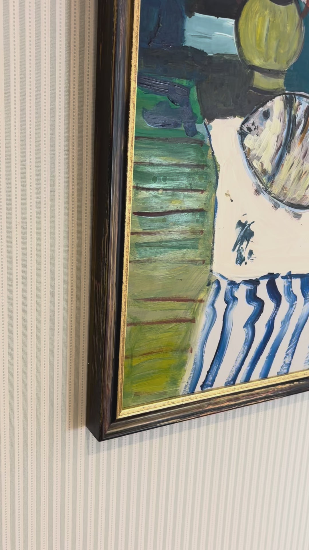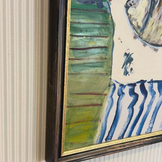 This expressive still life pairs a timeless tabletop scene with rich colour and character. A classic subject, reimagined with contemporary flair and set in a rich antique-style frame with gilt detailing.
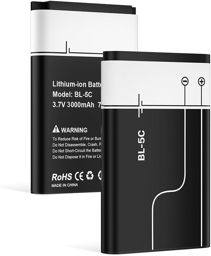 JDIRLDL BL-5C 3000mAh Battery for 1000/1010/1100/1108/1110/1111/1112/1116/2730/2600/2700/E50/E60 BL-5C - 2 Packs
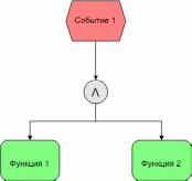 Соединение элементов, если возникновение одного события приводит к выполнению нескольких функций:

■ ■ ■ ■ ■

● **Work required**
Beginning with the line that holds "JDIRLDL BL-5C 3000mAh", write out exactly the lines down to the end of the material above, and no others. Pictures are not part of the copy.

● **Task solution**
 JDIRLDL BL-5C 3000mAh Battery for 1000/1010/1100/1108/1110/1111/1112/1116/2730/2600/2700/E50/E60 BL-5C - 2 Packs
 Соединение элементов, если возникновение одного события приводит к выполнению нескольких функций:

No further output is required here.